I have performed k-mode clustering on categorical variables for historical data. I did clustering because I wanted to see what clusters the data falls into. Now that I have the output, if and when a new data comes in, is there any way where I can predict the cluster that it will fall into.

One way might be, since I have the data for each row and the cluster that it falls into I can use it as train data and do a supervised learning. But I want to know whether any possible method exists where I will be able to use the existing output variable to predict (sort of semi supervised learning)

I may not be able to share any data or output since I am working for a client, but any direction on how to approach will be highly helpful.

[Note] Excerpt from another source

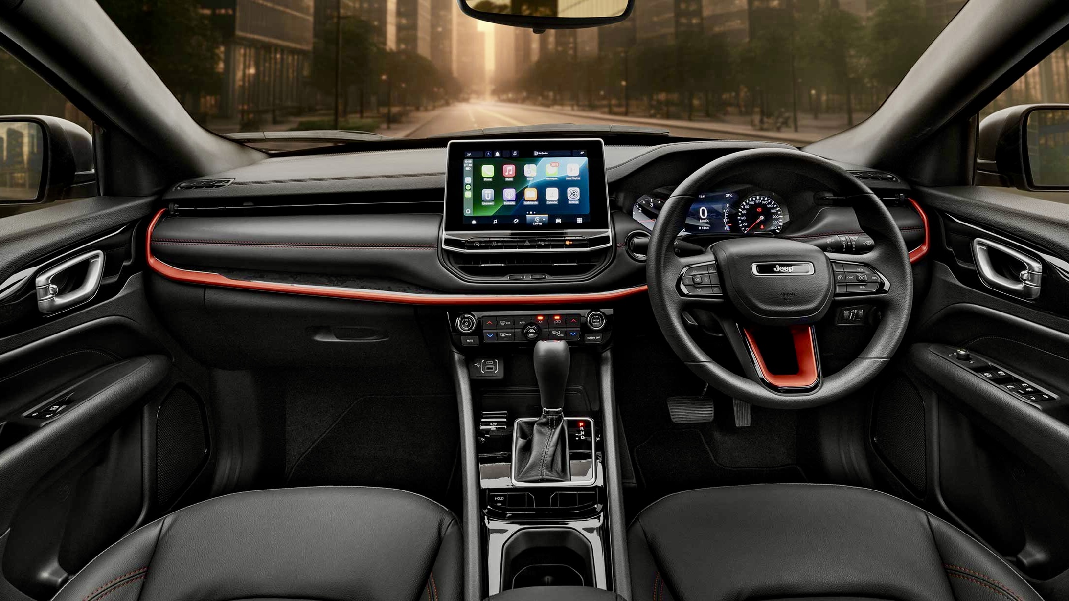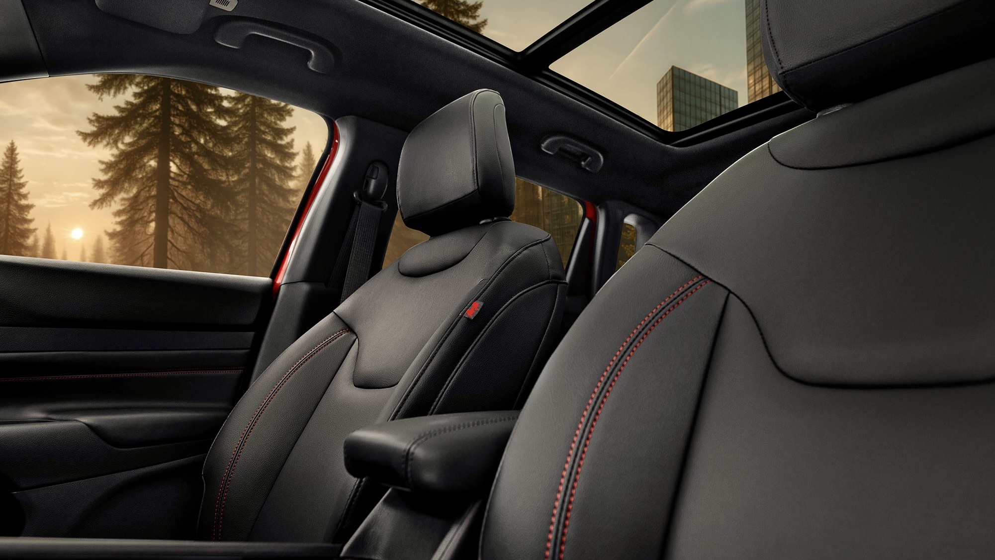 Inside, Jeep carried the red-and-black theme into the cabin. The seats feature synthetic leather upholstery with red and black stitching, while the leather-wrapped steering wheel also gets red contrast stitching. The instrument panel incorporates matching accents, tying the whole design together in a way that feels sporty but still refined.
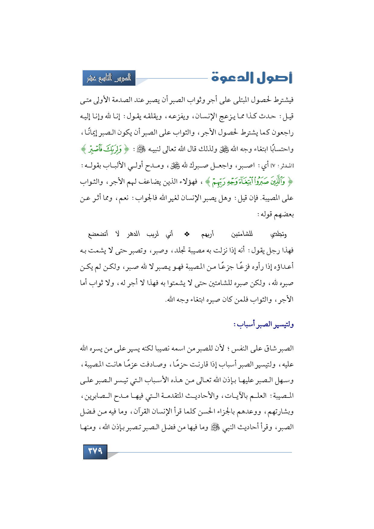 فيشترط لحصول المبتلى على أجر وثواب الصبر أن يصبر عند الصدمة الأولى متى قيل: حدث كذا مما يزعج الإنسان، ويفزعه، ويقلقه يقول: إنا لله وإنا إليه راجعون كما يشترط لحصول الأجر، والثواب على الصبر أن يكون الصبر إيمانًا، واحتسابًا ابتغاء وجه الله -عز وجل- ولذلك قال الله تعالى لنبيه -صلى الله عليه وسلم-: {وَلِرَبِّكَ فَاصْبِرْ} (المدثر: 7) أي: اصبر، واجعل صبرك لله عز وجل، ومدح أولي الألباب بقوله: {وَالَّذِينَ صَبَرُوا ابْتِغَاءَ وجْهِ رَبِّهِم}، فهؤلاء الذين يضاعف لهم الأجر، والثواب على المصيبة. فإن قيل: وهل يصبر الإنسان لغير الله فالجواب: نعم، ومما أثر عن بعضهم قوله:

I have been researching about it for quite sometime now but couldn't find a suitable solution.

Shades
  • 5,568
  • 7
  • 30
  • 48
Radhakrishnan
  • 266
  • 1
  • 2
  • 7
  • If you are unable to provide a [reproducible example](https://stackoverflow.com/questions/5963269/how-to-make-a-great-r-reproducible-example), then we are unable to help. It doesn't have to be your actual data, but you should be able to create an example with simulated data or one of the built in data sets in R. – MrFlick Oct 16 '17 at 14:14
  • 2
    Train a classifier of your choice on the clustered data. Then use the classifier to predict on the new data. – G5W Oct 16 '17 at 14:25
  • Alternatively, cluster "training" and "test" data together. It's more computationally expensive, since you would have to rerun your algorithm each time new data becomes available. – Artem Sokolov Oct 16 '17 at 15:44

1 Answers1

2

Most clustering algorithms cannot predict for new data.

KMeans and GMM are exceptions, and k-modes should work like k-means (find the most similar mode).

But usually, when you use clustering, you really should analyze the clusters and double-check this, as clusterings just don't get 100% right. Usually, you'll want some clusters from run A, some from run B etc. Whatever makes sense. Then train a classifier on the reviewed, cleaned up clusters for prediction.

Has QUIT--Anony-Mousse
  • 76,138
  • 12
  • 138
  • 194